What you return should be the lines from the one with "- Features weight" through the one with "日が昇る前から場所探し。相川" in the data below, reproduced exactly with both ends, and no pictures at all.

•••••

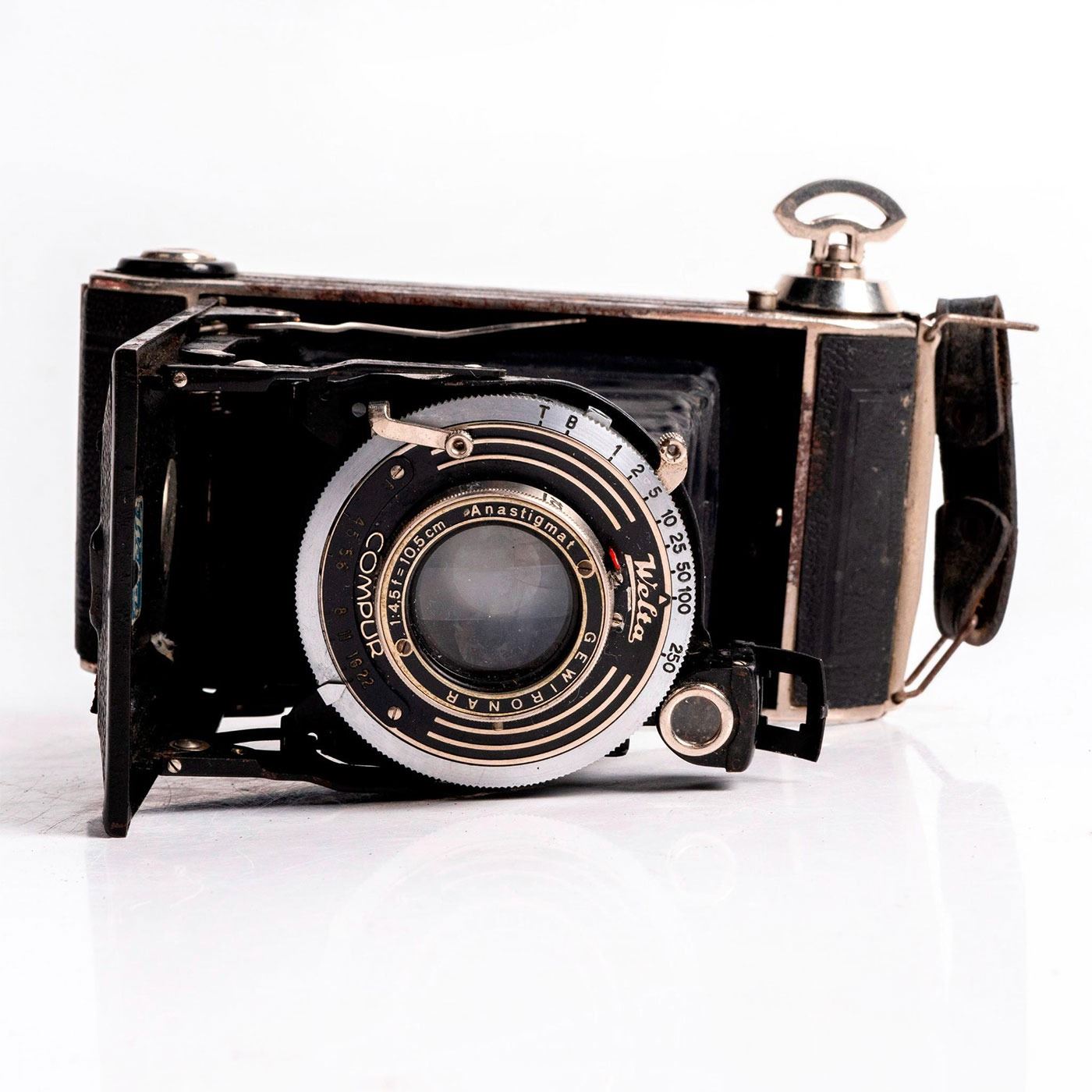 Dating to approx. the 1930's this German made camera "Welrta Compur" 1:4.5 f + 10.5 cm bellows folding camera is in nice condition with a soft non brittle bellows and clear unscratched lens. Cameras and Photographica
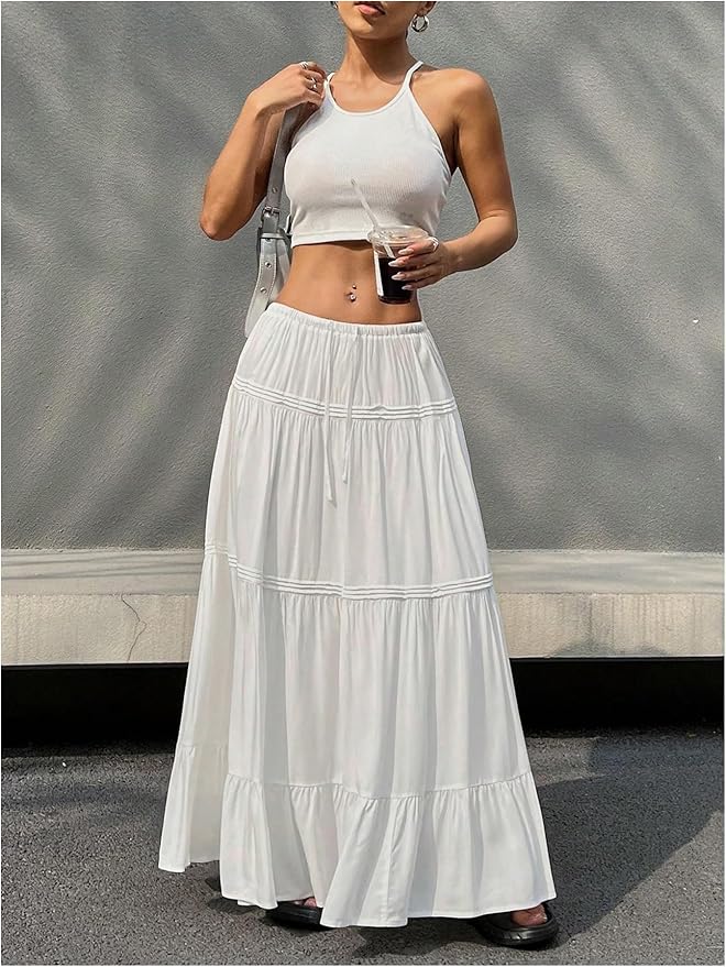 I never expected to love a skirt so much, but the Women Maxi Skirt with Ruffle Hem changed that for me. From the moment I tried it on, I was obsessed. The lightweight fabric feels soft against my skin, and the drawstring elastic waist makes it easy to slip on and off while staying perfectly in place.
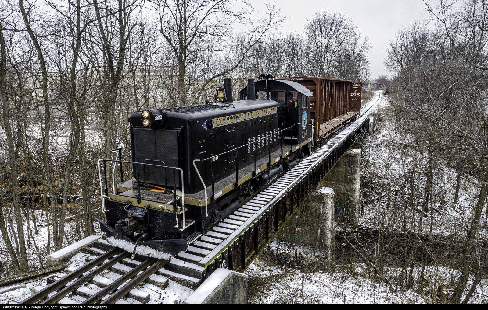 | X7014 CPMY (Coopersville and Marne) Rolls Eastbound over Indian Mill Creek in Grand Rapids Michigan this morning ,with a little snow on the ground - freight run |
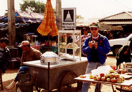 ちなみにこの村、今はリゾート化しつつあるようで、確かにそれらしきホテル(とはいっても外国人用とはあまり思えない)がいくつかある。たしかに村の標高は1000mを越えており、昼間でも吹く風は涼しい。でも、村の中央の屋台群や青空市場は数年前のままであった。そういえばこの屋台群の中に、滋養強壮用の酒だろうが、長さ30cmはあるだろうムカデというか、ムカデを10倍くらい太くしたようなげに恐ろしげな虫を入れたものがあった。飲んだことのある人は是非ご一報を頂きたいと思います。我々二人は「うげげっ!」というばかりで手も足も出ませんでした。
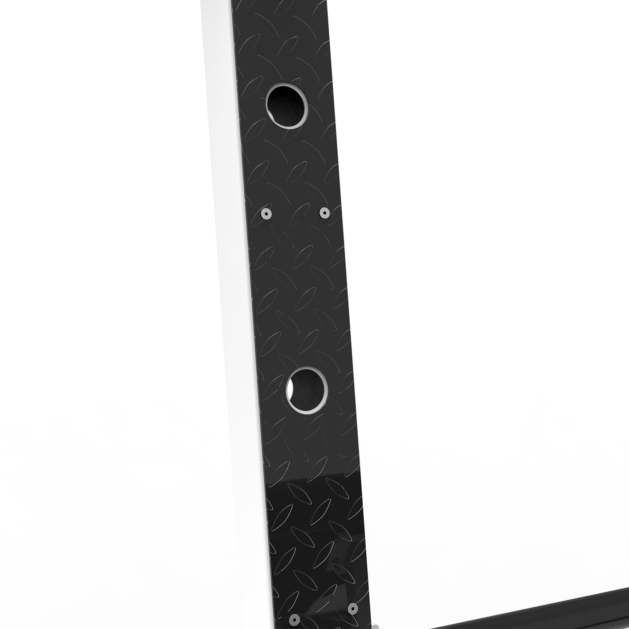 - Features weight rack storage post for weight plates, squat bar catch, barbell bar catch, and safety bar catch; Weights not included
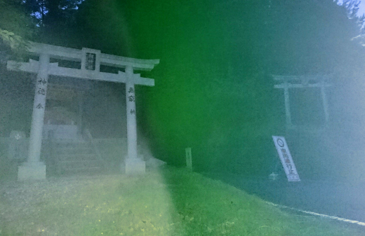 日が昇る前から場所探し。相川に来てみると杖立神社の案内の矢印が道中にある。とりあえず矢印に従って行くと山中の剣神社と金毘羅神社が見つかった。その間の道が杖立神社道となっており、車両通行禁止。
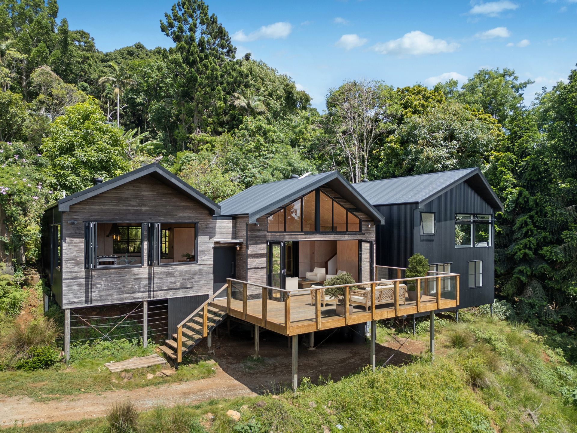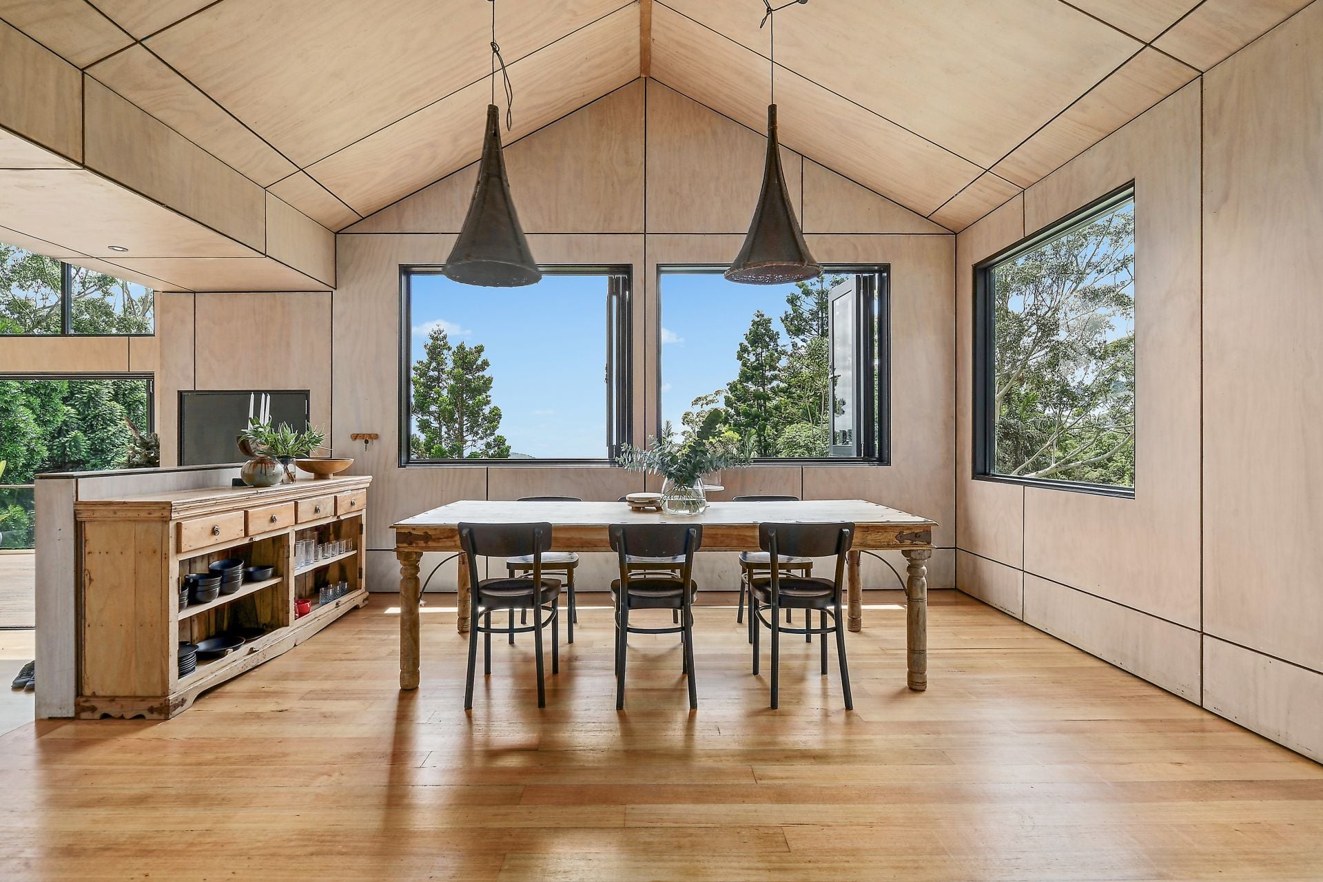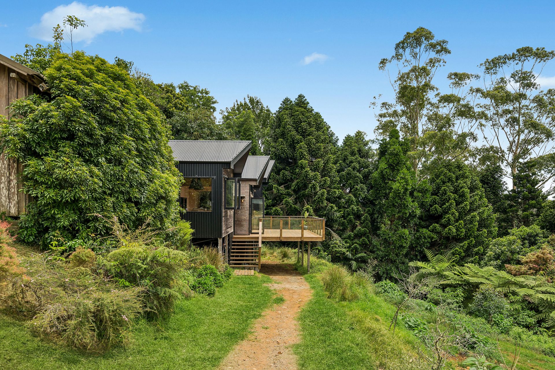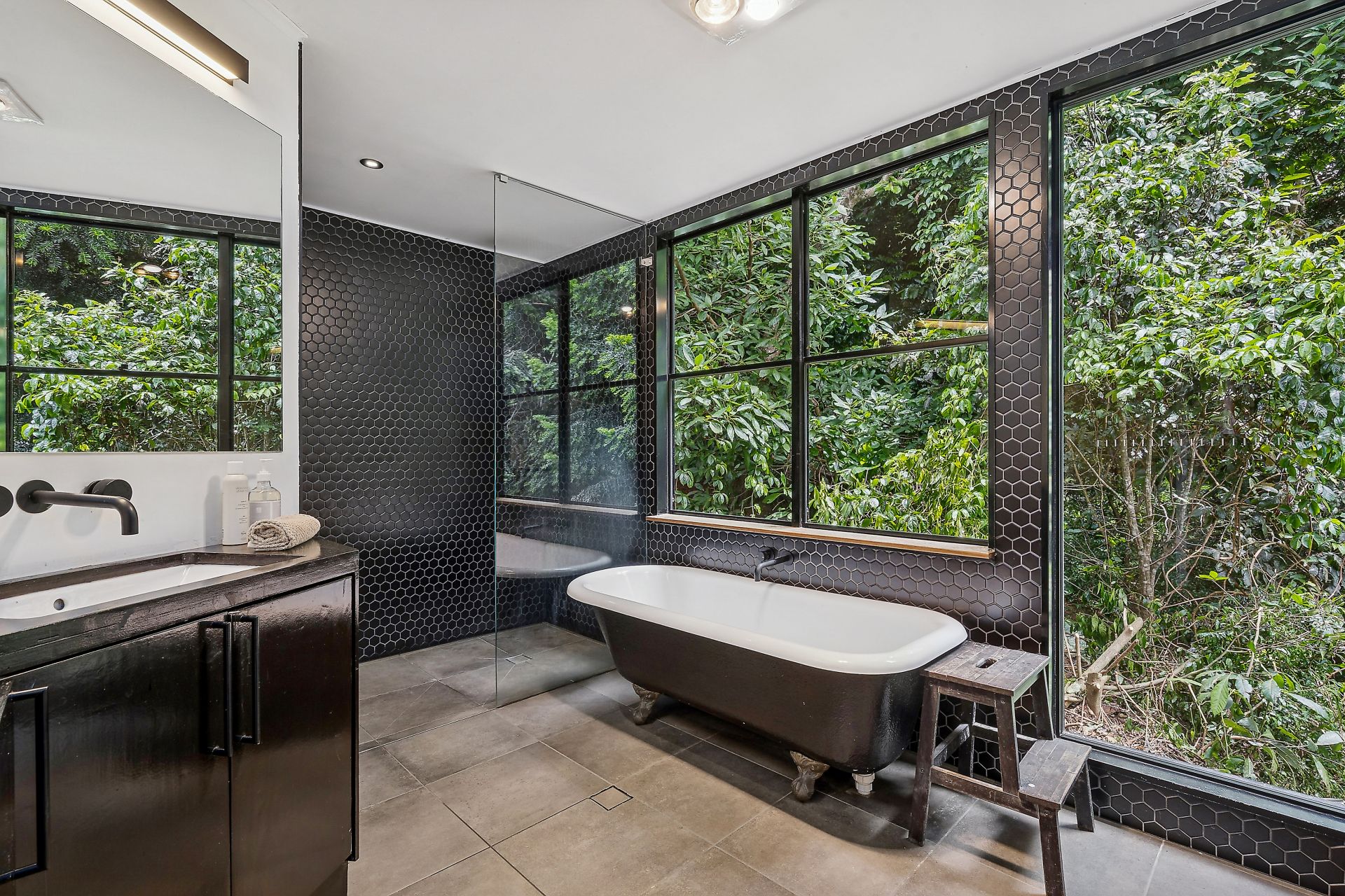 Privately positioned within a serene rainforest setting, the home has been thoughtfully designed to embrace its natural surrounds while offering seamless indoor–outdoor living. A dramatic open-plan living pavilion forms the heart of the home, where soaring cathedral ceilings, warm timber floors, and walls of glass create an immediate sense of scale, light, and connection to the landscape.

•••••

▶ **Output below**
 - Features weight rack storage post for weight plates, squat bar catch, barbell bar catch, and safety bar catch; Weights not included
 日が昇る前から場所探し。相川に来てみると杖立神社の案内の矢印が道中にある。とりあえず矢印に従って行くと山中の剣神社と金毘羅神社が見つかった。その間の道が杖立神社道となっており、車両通行禁止。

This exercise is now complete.